Here are some quotes I have found from mothers who have used the program.

"I, being a first-time mom, terribly unconfident, and eager for something structured and quantifiable, bought into [the book], wholeheartedly. It was a disaster. The first three months of my firstborn's life were filled with frustration"

""My frustration is that it seems the Ezzos never took into consideration the moms who suffer from PPD. My depression was pretty debilitating and when my son wasn't "following the program" so to speak, it created a lot of additional stress."

"I took her to the hospital where she was diagnosed as FTT ("failure-to-thrive").   She spent three days in hospital.  I was told to burn Babywise and that babies should be fed on demand, that breastfeeding was a supply and demand process."

"In my mind, I knew that I should call La Leche League for help, but after reading the warnings in [Babywise], there was no way I wanted to get mixed up with those "attachment-parenting types," so I chose to give up and exclusively formula feed."

"When J. was about 3 and a half months old, I started thinking he looked a little skinny."

"I remember laying on the couch listening to her cry and cry thinking motherhood wasn't supposed to be like this."

"I would have said that we were happy following Ezzo, but I can honestly say that we are much happier now.

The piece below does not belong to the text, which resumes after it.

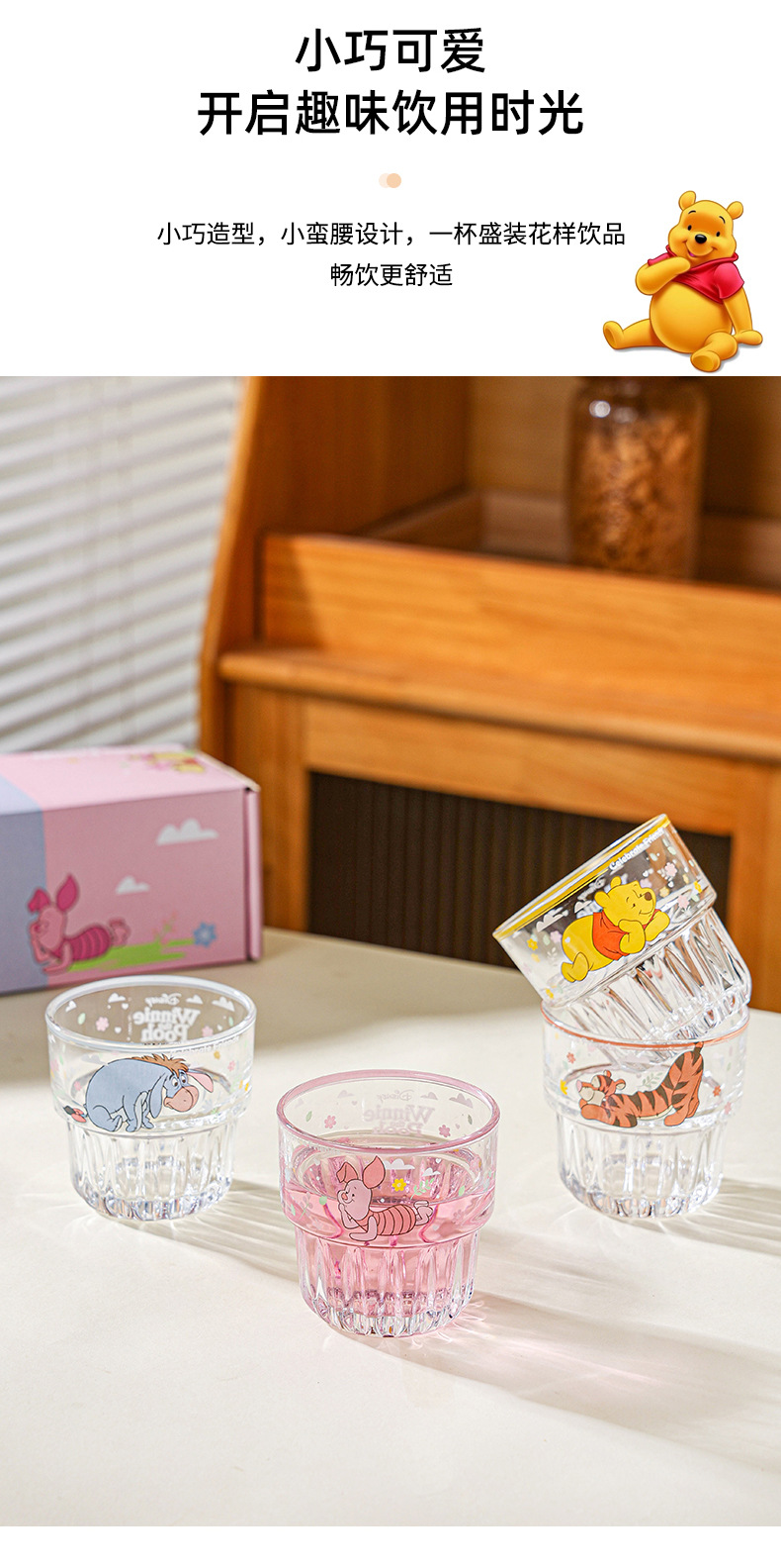 • 꽃세로무늬 더블섹션컵 - 4종혼합 (푸우+피글렛+이요르+티거) [선물박스]

I am so much less stressed out! I didn't realize how much stress Babywising put on me until I quit..."

"I want to share our story in the hope that it may perhaps help to warn others who are heading down the Growing Kids God's Way path. We still ask ourselves, how could we have been deceived for so long?..."

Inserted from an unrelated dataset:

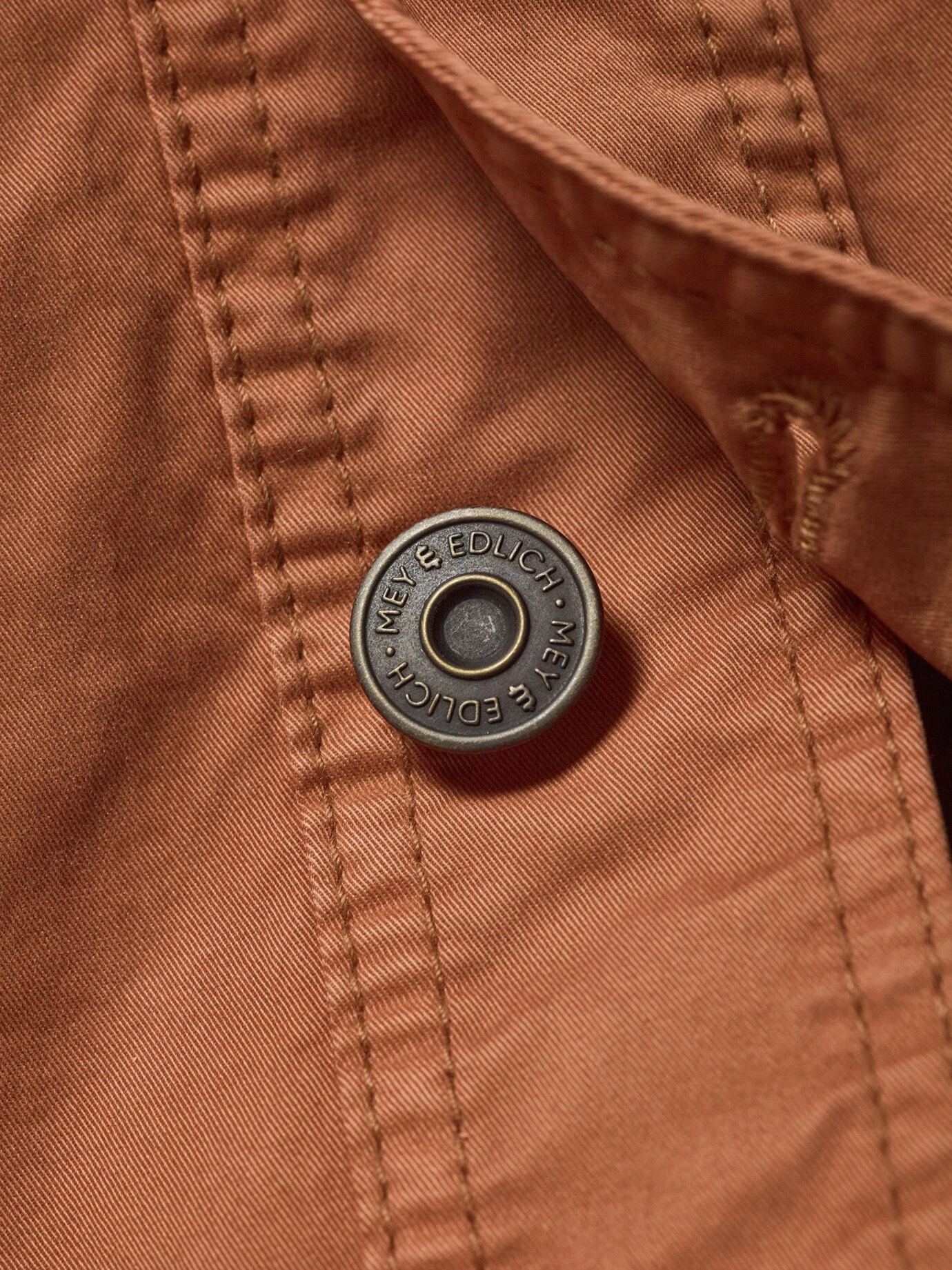 Pronto per tinto. Zu Deutsch: bereit zum Färben. Diese leichte Sommerjoppe ist ein Stückfärber und wird entsprechend im Rohzustand konfektioniert und dann erst im Ganzen gefärbt und gewaschen. Vom Schnittansatz her eine typische Arbeitsjacke, mit üppigen, aufgesetzten Taschen. Luftiger und bewusst ungefüttert, so trägt sie sich auch gut an Sommerabenden. Den Gesamtlook verfeinern die authentischen Jeansknöpfe, als Verschluss und an den Ärmeln. Als sommerlicher Überzieher zur kurzen Hose genauso gut wie zur Jeans. Perfekt zum leichten Pullover oder mit Shirt. Dazu passen sportliche Schuhe.

"I would give anything in the world to be able to turn back the clock and learn about the concerns and controversy surrounding Ezzo's methods *before* my dear daughter was born..."

"But even if Babywise and Prep may have a few helpful ideas, there is more chaff than wheat. As someone else has said, "What is good is not unique--you can find it in other safer books. What is unique is not good." In spite of the few helpful ideas I NEVER recommend the books to anyone. Why? Too much possibility that someone could be seriously hurt from them. I don't want that responsibility"

"Please, don't just take our word for it. Do your own research. When you are finished, we be-lieve you will draw the same conclusions we have. We thought we were following sound parent-ing information and doing what was proclaimed to be in the best interest of our son. We could not have been more wrong, and we will always live with that knowledge. We now believe nurs-ing on demand, especially in the early months of life, is among the most critical things one can do for the long-term health and well-being of their child. The harm that has been associated with the Ezzos' parent-directed feeding schedules is not always easily undone, and is simply not worth the potential risks. No other child or parents deserve to endure what we have suffered."
"With both boys I lost my milk between 4 and 5 months. I was unable to get it to come back, I tried all the tricks. Every 3 hours is not enough stimulation for my milk supply in the early months and it affected my supply later on. We were also very heavy into using punishment
(spankings) but now we are not. Our children are now better behaved since we stopped using those tactics with them."

"What was the worst we suffered from the materials?
Believing that every night waking, every phase, everything our kids did, was because they were trying to manipulate us or control us, or defy us. That everything had to be "handled". It's a twisted, sick mindset against your own children - and it's simply not true. We have come a long way - and still have a long way to go. We are far removed from that mindset now, but it haunts us. We find more and more that the truth is that children are new, all that they do is experimentation, and normal. A good dose of guidance, understanding and teaching goes 10 times farther than one punishment."

If you have questions or are frustrated with infant feeding issues, especially breastfeeding, please talk to a qualified professional, and seek the time trusted advice of someone like Dr. Sears.  

Dr, Sears has authored numerous books of preganancy, birth, breastfeeding and parenting, including great books on nghttime parenting, fussy babies, discipline and many, many more.